I was reading about David Simmon's "rants" and I found he and I to have similar complaints bout the world. It seems like he tries so hard to give everybody an equal voice and to do this embedded, non-shot gun style reporting, and yet editors respond by saying its good, but where is the problem to be solved. The problem with the problem is that it is so unwieldy and so blurred that it cannot be comprehended to the point where it may not even be a problem at all but rather more of a sealed fate. In the real world people are not always anything, and that is why an intelligent observer of life at this point should be beyond good and evil. Yet as the President reluctantly reminded us," Make no mistake, evil exists in the world." ...I would say at least to the point of an ethical consensus. If a man rapes and kills a child maybe he should be put to death. What bothers me are the judgements people so readily make about people they know so little about. The need to find evil, and to maintain the myth that aside from occasional crime, We Americans are safe and our institutions are in control is essential to most of them.
I know a different truth; one that I have yet to fully grasp and put into words. Here is a beginning.
Funktown-my stomping grounds 2004-present.

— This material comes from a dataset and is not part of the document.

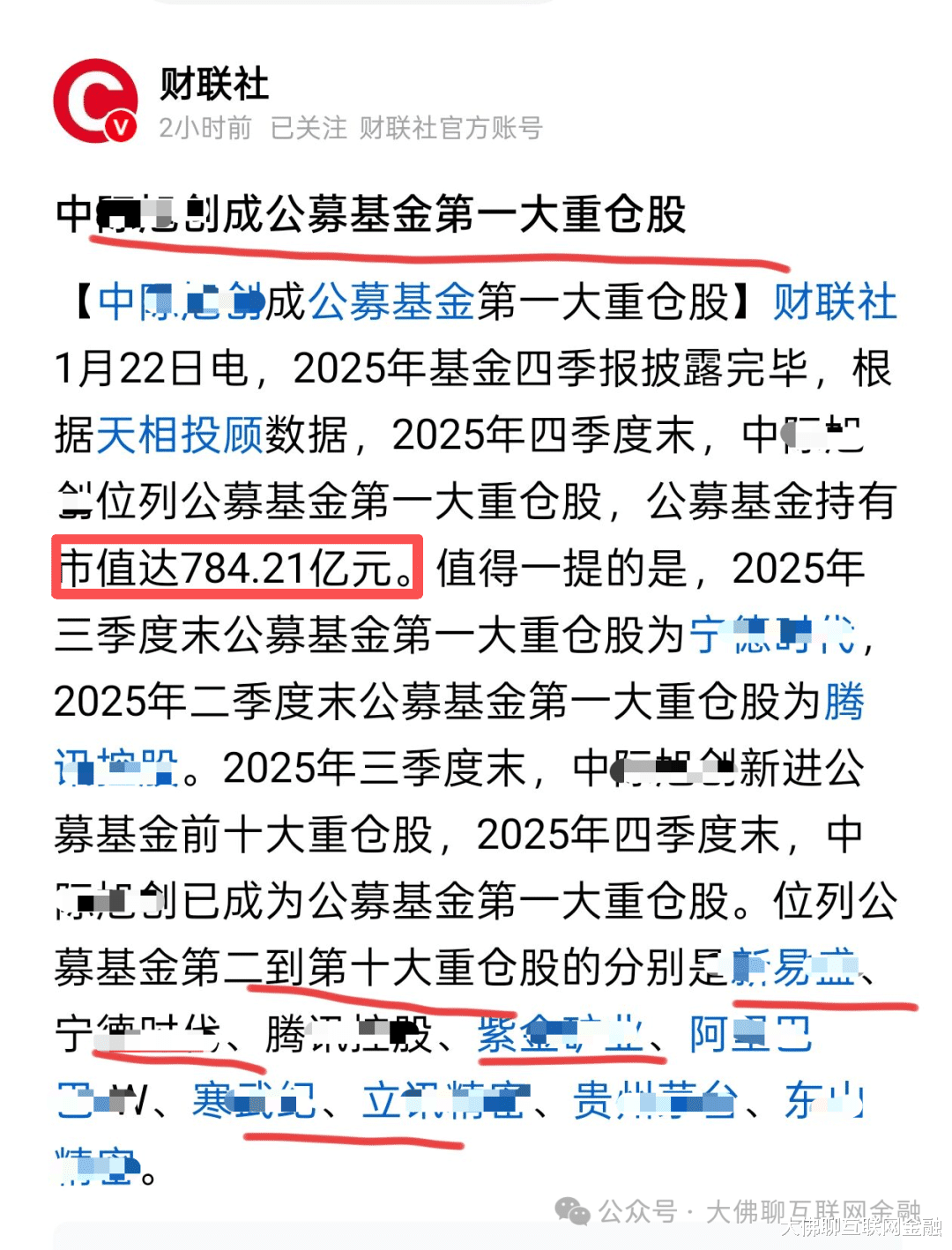 2025年公募基金四季度报已披露完毕,“易中天”三杰里的“中”成为公募第一大重仓股,合计持股市值超784亿元。

Im a bad dude in tha town. But my roots there are in my relationship to the community. If I did not give back, I wouldn't have the kind of respect that I do. But I am not one of them. Still, gentrification scares me more than tha corner boys. But what really is gentrification? It is a word people liked to use around the turn of the last century. People in a neighborhood like mine, not quite the ghetto but still tha hood, fall into a few class groups. There are the working class families who usually fit a lot of people into a small place, the first apartment/young urban hipster type (which has many off shoots or subcategories) and then the lower classes. How low can the classes go you ask? Well if you have a house on section eight you have much lower living expenses. The stereotypical image of a section eight recipient is someone who uses drugs or is utherwise unemployable. Really there are all types, but many of them are depressed. As I stated earlier, depression is linked to substance abuse. I will try and pick up on this thread for my next rant... giving some examples. But back to Simmon. I had always felt that drug addicts were unfairly criminalized. Similar to Simmon, I find that the only way to explain this world is to recreate it from the inside, and to get into the head of several different addicts to paint a picture. Thats ideal for many situations, but almost necessary if one wants to understand the life of a nock. For my next rant I will remember to: get into some people's housing situations in detail, and get into West Coast heroin language based on Simmon's attention to detail. In the end I hope to get out enough real information that can be assembled into a journalistic essay. Hopefully I get to do it in conjunction with my studies. Whatever i am doing, I will finally put this knowledge to use in a way that is meaningful to me.